You can definitely spot treat with the excel. I'd suggest just adding the recommended amount (for after a water change) right onto the affected areas. Many feel that you can safely overdose the excel (2-3X) in most cases, unless you have sensitive fish or inverts. You can do this for a couple days if you have to. This will kill what's there. Then, keep your water parameters in check and remove what algae you can find, and the problem should go away. Good luck!


----------



## dekstr

Thanks mpodlan,

Maybe I should do a test run on overdosing excel first. Don't want $200-300 worth of fish/shrimp dead the next morning. 

Good to know people have tried overdosing on excel though.


----------



## Momotaro

Read this before doing the Excel OD:

http://www.plantedtank.net/forums/algae/20172-excel-treatment-bba-experiences.html


Mike


----------



## mistergreen

Add all the ferts except for KNO3.
Plants will take up NH4 better. If your NO3 is 5ppm, that's fine. It doesn't have to be high like with the EI method.


----------



## dekstr

Momotaro said:


> Read this before doing the Excel OD:
> 
> http://www.plantedtank.net/forums/algae/20172-excel-treatment-bba-experiences.html
> 
> 
> Mike


Thanks momotaro,
So many post... still reading.
What I'm getting is spot dose excel, overdose amount 2-3 times, excel acts similar to formaldahyde in terms of killing organisms in order.. algae, moss, plants, fish, etc. Spot treatment will be most effective...Still reading!





mistergreen said:


> Add all the ferts except for KNO3.
> Plants will take up NH4 better. If your NO3 is 5ppm, that's fine. It doesn't have to be high like with the EI method.

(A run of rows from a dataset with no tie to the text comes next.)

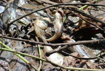 Sáng 4/8, theo tin báo của người dân, phóng viên có mặt tại khu vực rạch Tây Ninh, phát hiện thấy hiện tượng cá nổi đầu và chết hàng loạt.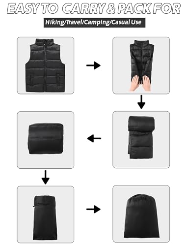 • Lightweight & Packable Design: Engineered for convenience, this vest compresses easily to fit into its own pocket or a small bag, making it a great companion for hiking, travel, and variable weather conditions.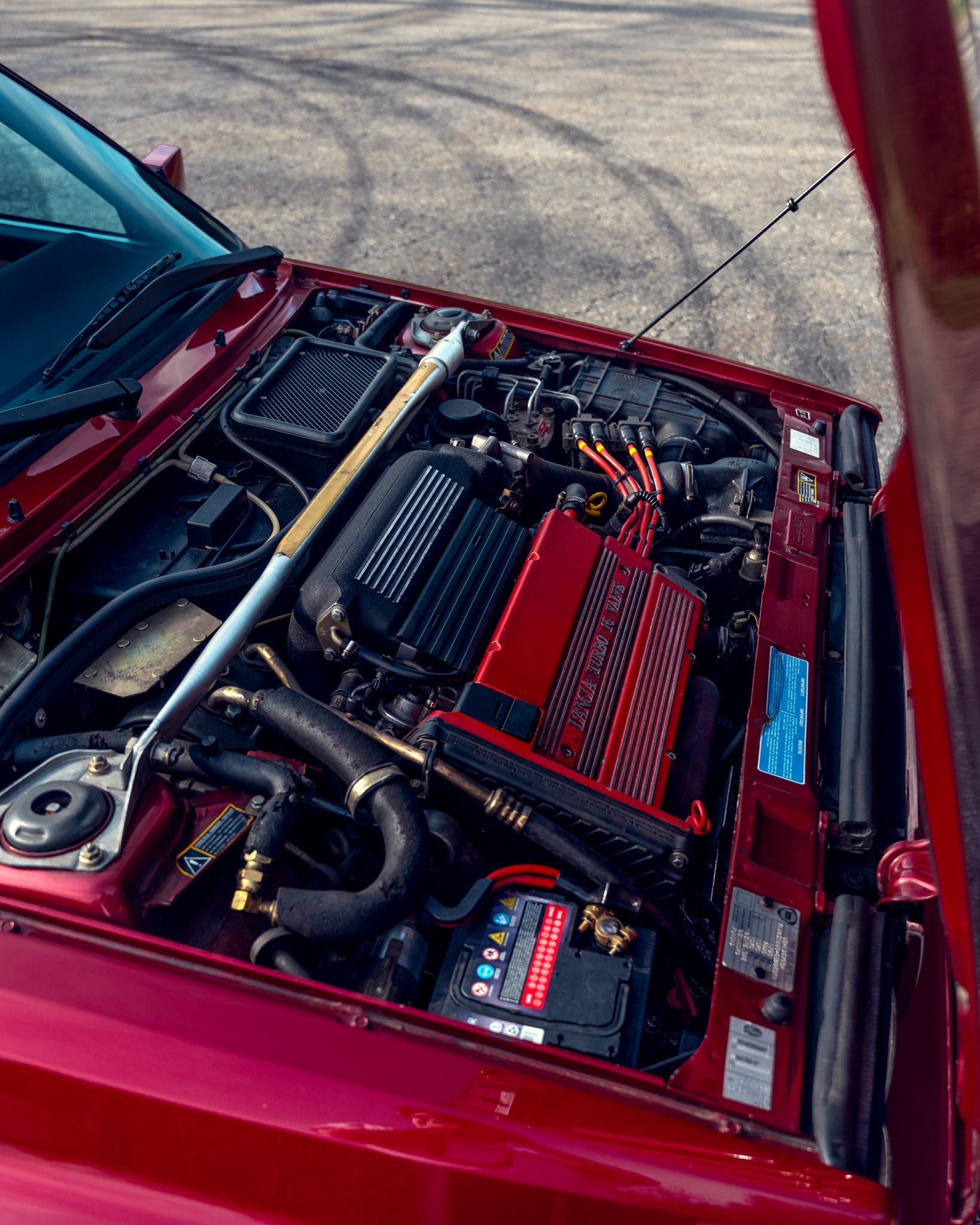 Come dicevamo, gli esterni sfoggiano un’intensa tonalità di rosso metallizzato, mentre gli interni sono rivestiti con una netta prevalenza della nuance beige. I sedili Recaro in pelle con loghi HF in rilievo sui poggiatesta, la pedaliera in lega OMP e i poggiapiedi passeggero in stile rally, completano il pacchetto, insieme alla targhetta sulla console centrale, che riporta il numero di serie. Ad accompagnare il lotto ci pensano le fatture di manutenzione, i manuali di fabbrica e il libretto dei servizi. Questa Lancia Delta HF Integrale II ‘Dealers Collection’, splendidamente curata, è una tentazione irresistibile per quegli appassionati in cerca di una rara edizione di un classico italiano molto amato, con un basso chilometraggio all’attivo.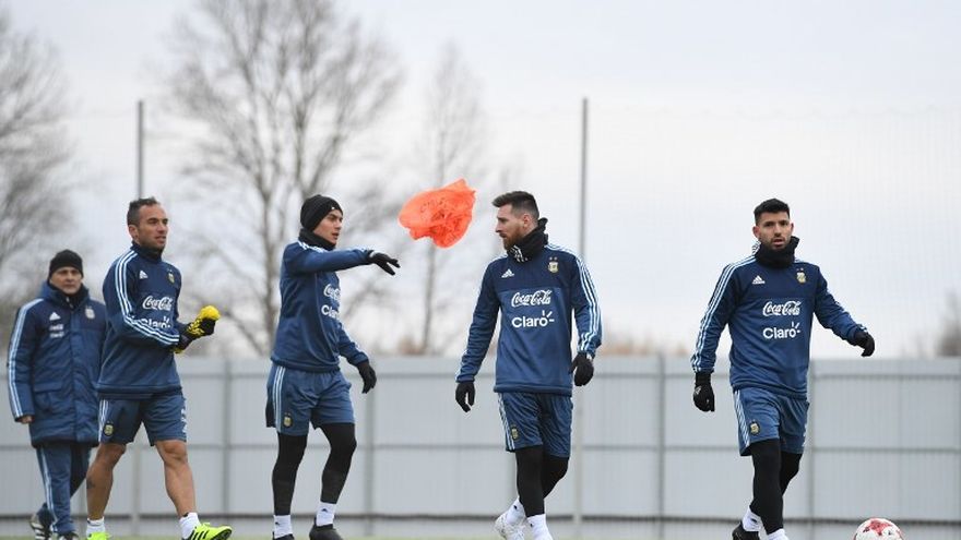 Argentina se preparó esta semana en el campo de Spartak de Moscú. Desafió heladas temperaturas bajo cero. Se vio a los futbolistas abrigados con guantes, bufandas y calzas largas debajo de los pantalones cortos.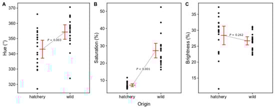 2.2.2. Differences in Morphological Color-Changing Ability between Wild and Hatchery-Reared Marbled Rockfish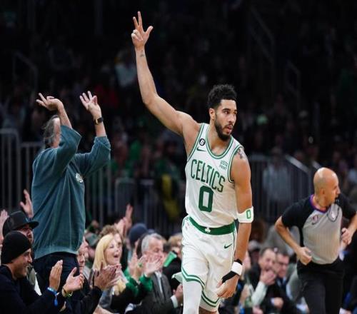 周日战胜骑士的比赛中,塔图姆开局单节狂砍12分。他投三分、冲击篮下、为自己创造机会——全是标志性的塔图姆操作。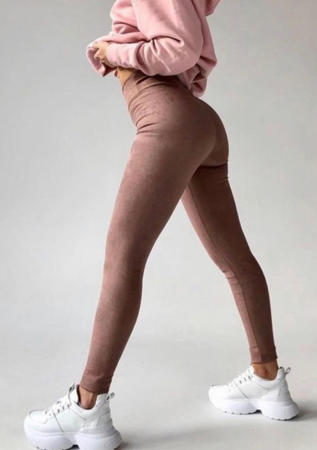 Для виготовлення базових жіночих лосин виробник використовував сучасний матеріал – замшу на основі дайвінгу. Матеріал щільний, пружний і трохи тягнеться. М'яка ворсиста текстура тканини приємна на дотик і дуже ефектно виглядає в поєднанні з іншими матеріалами.

I don't really understand, since plants prefer NH4, will they will uptake NH4 before NO3?


----------



## stagius

Why not dose KNO3?

staghorn is due to high ammonia, NH3, whic is a part of nitrogen cycle.

Ammonium ion, NH4+, mostly decompose from NH3 from soil will quickly turn into NO2-, but i don't think it is even part of nitrogen cycle in water.

Plant prefer to uptake NH4+. They will do it before they uptake NO3-. But then, where would plant find NH4 ion in water ?


----------



## dekstr

stagius said:


> Why not dose KNO3?
> 
> staghorn is due to high ammonia, NH3, whic is a part of nitrogen cycle.
> 
> Ammonium ion, NH4+, mostly decompose from NH3 from soil will quickly turn into NO2-, but i don't think it is even part of nitrogen cycle in water.
> 
> Plant prefer to uptake NH4+. They will do it before they uptake NO3-. But then, where would plant find NH4 ion in water ?


I did not get your second sentence.

Just to clarify, are you saying plants prefer ammonium uptake, but only mostly through the water column instead of the substrate?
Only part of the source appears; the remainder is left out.